What to do:
Without including the pictures, copy out every line below.

Information provided:

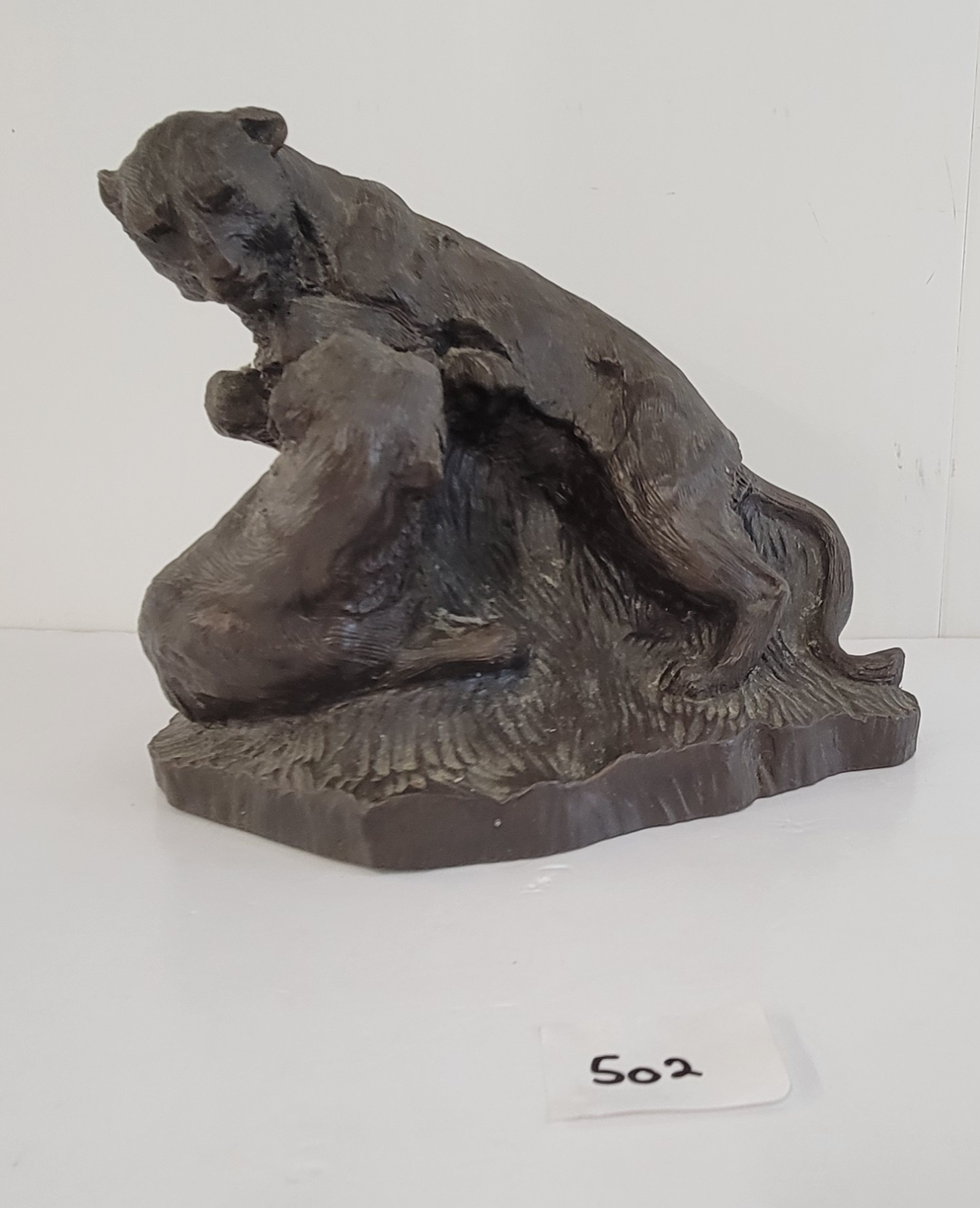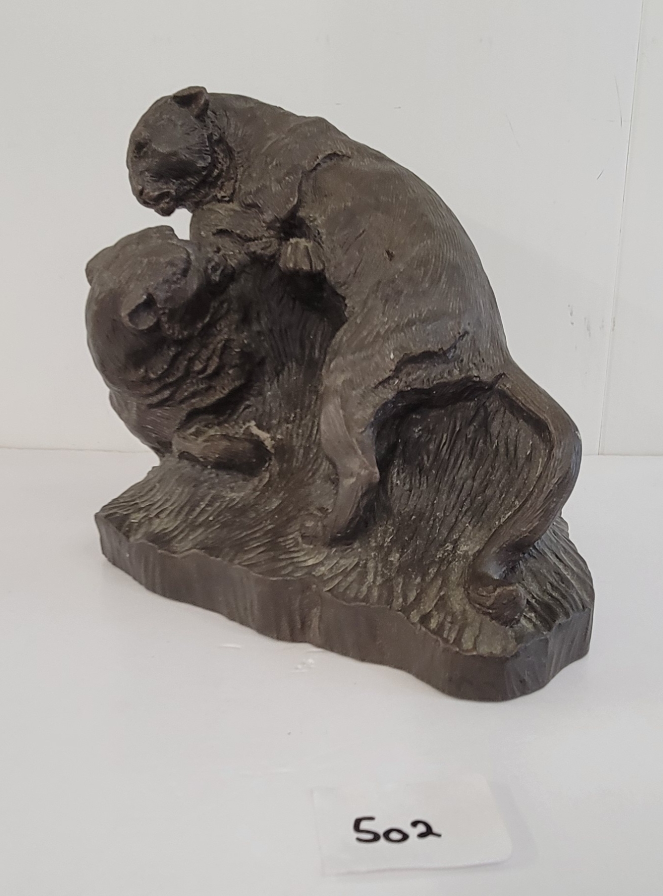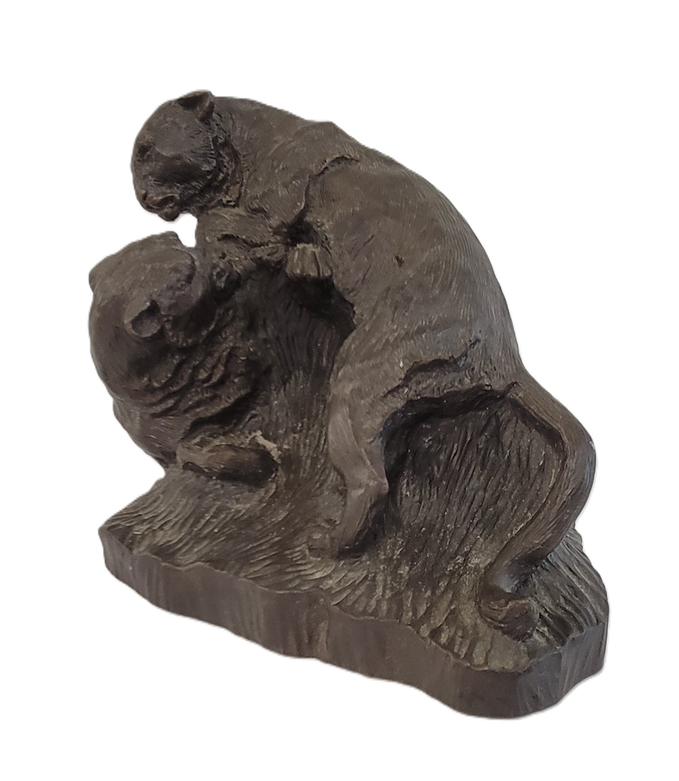 FIGHTING MOUNTAIN LIONS BY J. CHESTER - BRONZE(?)
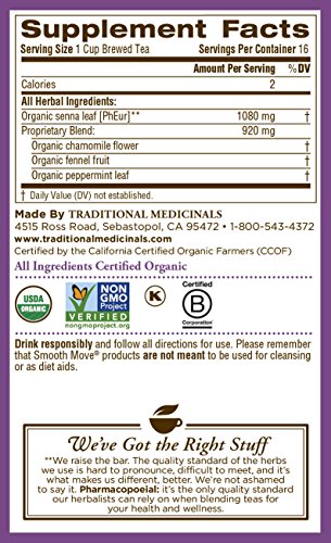 -. Title : Traditional Medicinals Organic Smooth Move Chamomile Tea, 16 Tea Bags
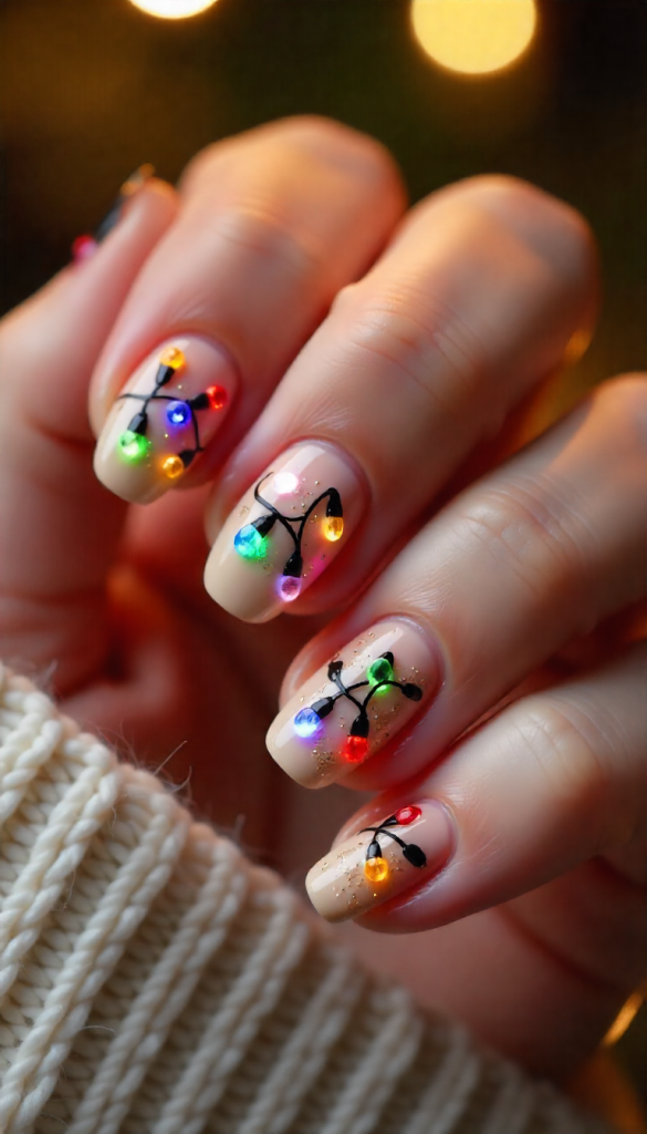 Tiny, colorful string lights painted across nude nails are cheerful and fun. It’s the perfect design if you want something bright and whimsical.

Answer for the task:
 FIGHTING MOUNTAIN LIONS BY J. CHESTER - BRONZE(?)
 -. Title : Traditional Medicinals Organic Smooth Move Chamomile Tea, 16 Tea Bags
 Tiny, colorful string lights painted across nude nails are cheerful and fun. It’s the perfect design if you want something bright and whimsical.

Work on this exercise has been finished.